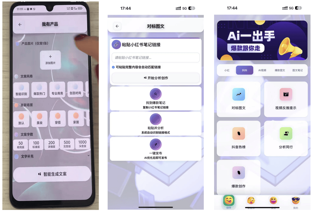 ・对标同款分析:输入爆款笔记链接,就能拆解其排版风格、内容结构和高频关键词,快速掌握爆款逻辑。
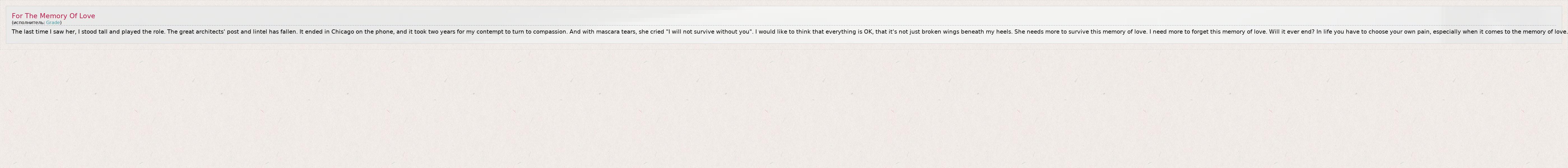 ГлавнаяИсполнителиGradeFor The Memory Of Love
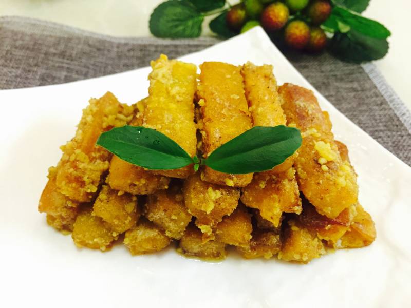 10:加入南瓜翻炒均匀,每一条都裹上咸蛋黄即可。
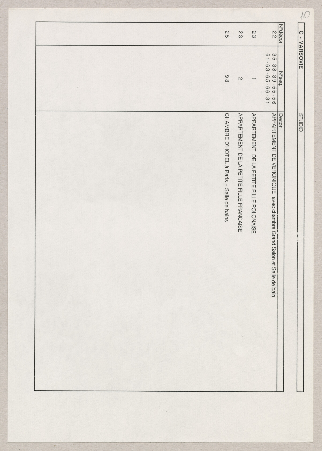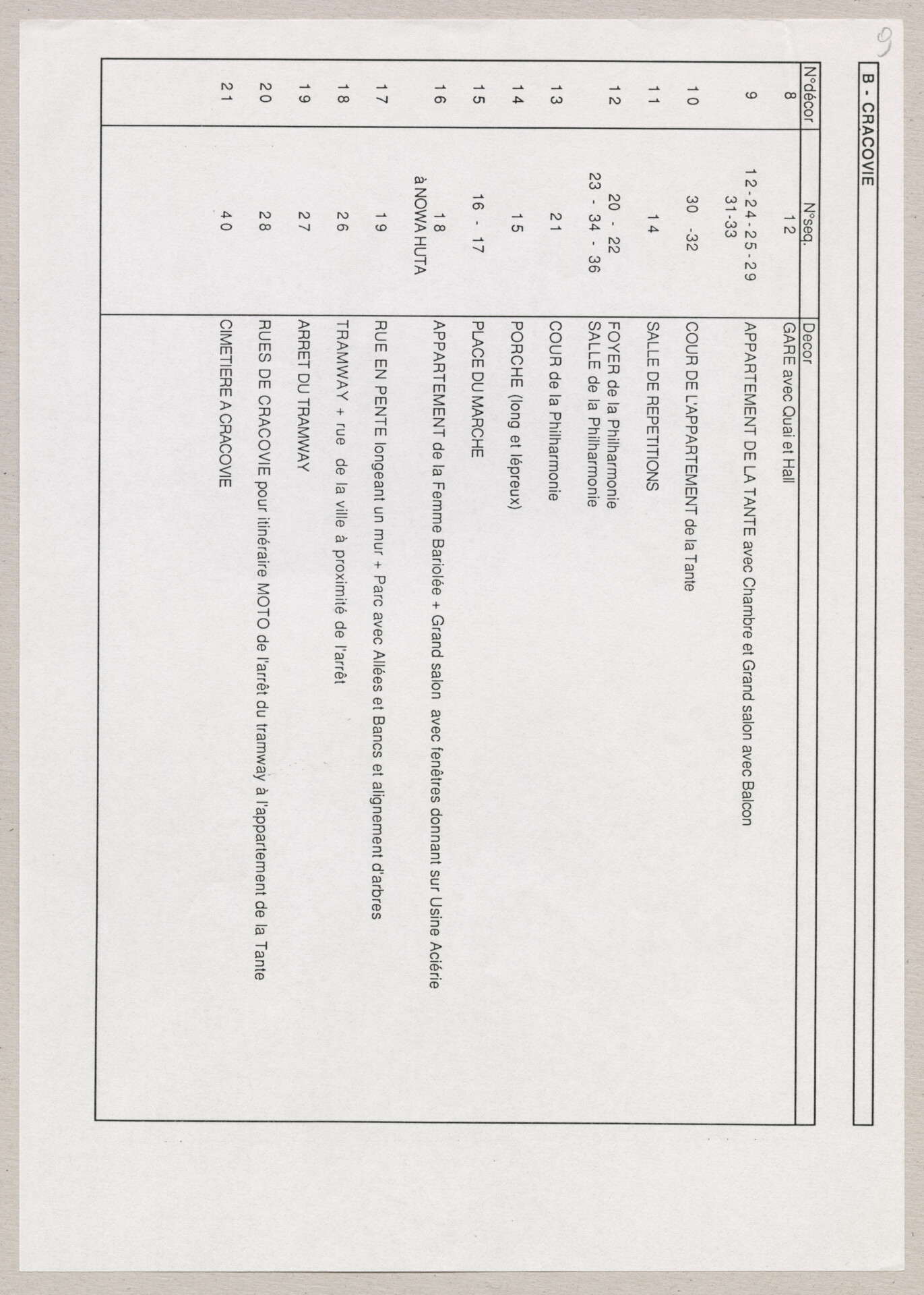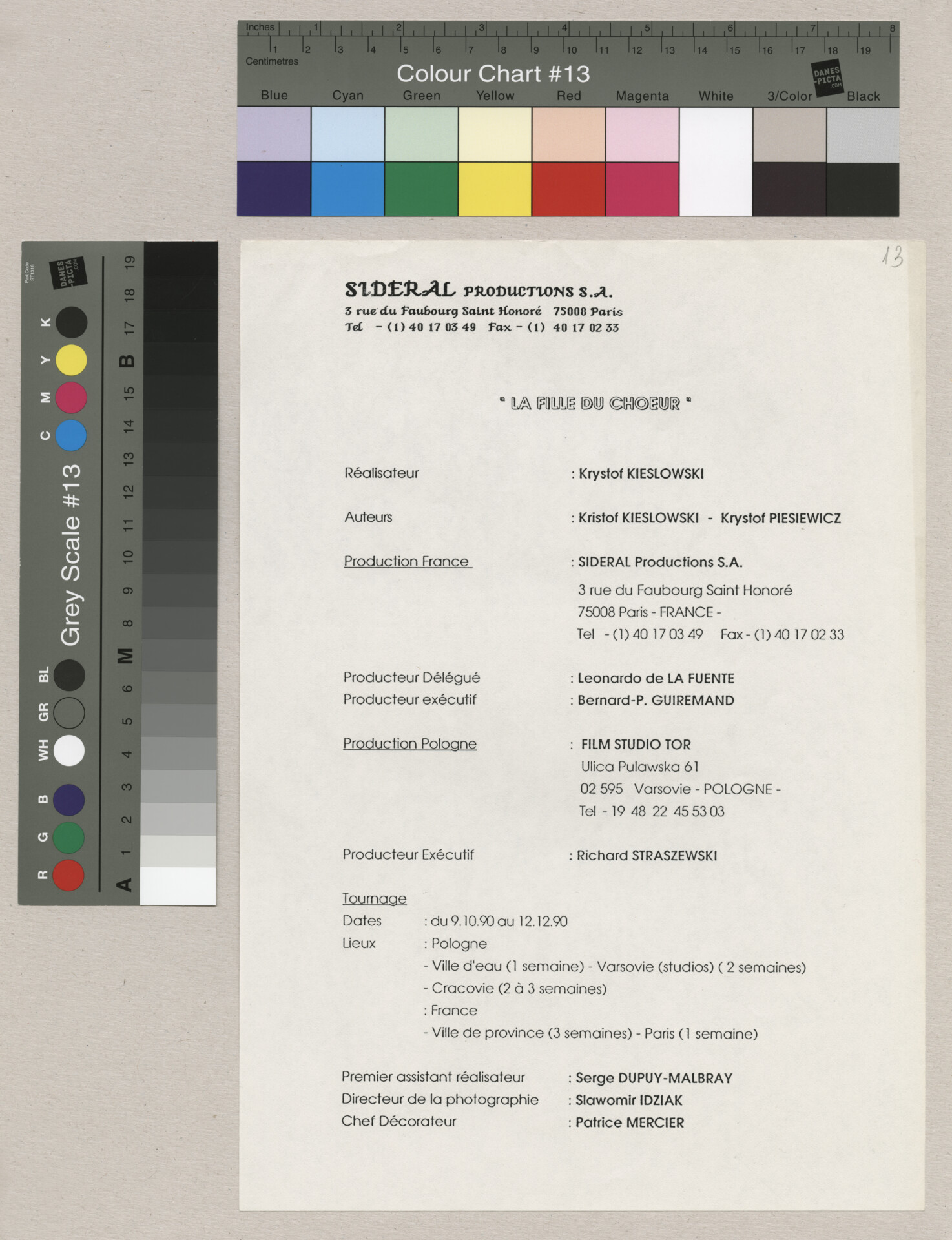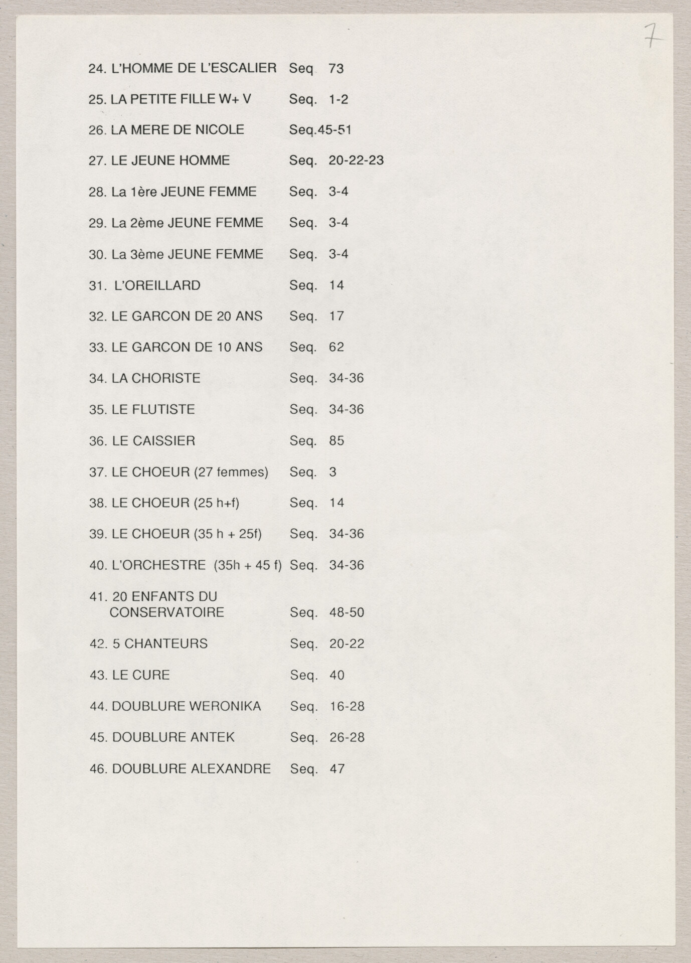 Wydruk komputerowy materiałów produkcyjnych do filmu Krzysztofa Kieślowskiego “Podwójne życie Weroniki” (1991) – pierwszego zagranicznego filmu reżysera. W momencie pracy nad filmem posługiwano się tytułem “Chórzystka”. Autorami scenariusza są Krzysztof Piesiewicz i Krzysztof Kieślowski, którzy przedstawiają opowieść o dwóch identycznych kobietach, Polce i Francuzce (obie role grane przez Irène Jacob), które w niewytłumaczalny sposób odczuwają swoją wzajemną obecność. Strona 1. to lista ról. Strona 2. to lista postaci. Strona 3. to lista pojazdów. Strona 4. to lista zwierząt. Strona 5. to lista bohaterów francuskich. Strony od 6. do 7. to lista ról i sekwencji. Strony od 8. do 12. to lista dekoracji. Dokument powiązany jest z dokumentami o sygnaturach: ATKK-POD-I-008, ATKK-POD-I-009, ATKK-POD-I-010, ATKK-POD-I-011, ATKK-POD-I-014.
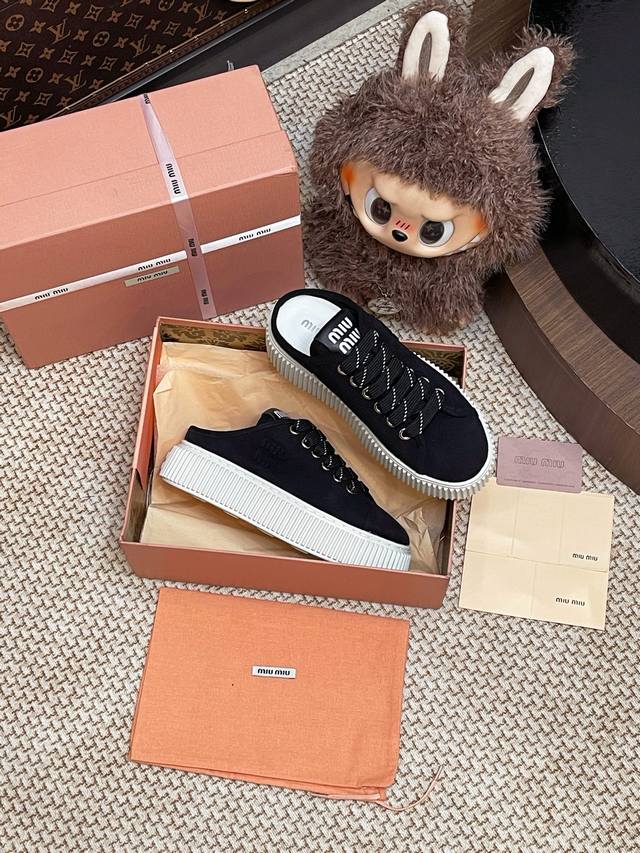 Miumiu 饼干厚底鞋 半拖整双鞋子采购Zp开发打造,全部定制材料,独家开模大底,细节全部对版出货,连包装也做到跟正品一样。码数:35-40 40订做不退换

****************************************

Exercise requirements =
Return exactly the lines of the material above, starting at the line containing "ГлавнаяИсполнителиGradeFor The Memory" and finishing at the line containing "10:加入南瓜翻炒均匀,每一条都裹上咸蛋黄即可。", without any pictures.

Answer to this exercise =
 ГлавнаяИсполнителиGradeFor The Memory Of Love
 10:加入南瓜翻炒均匀,每一条都裹上咸蛋黄即可。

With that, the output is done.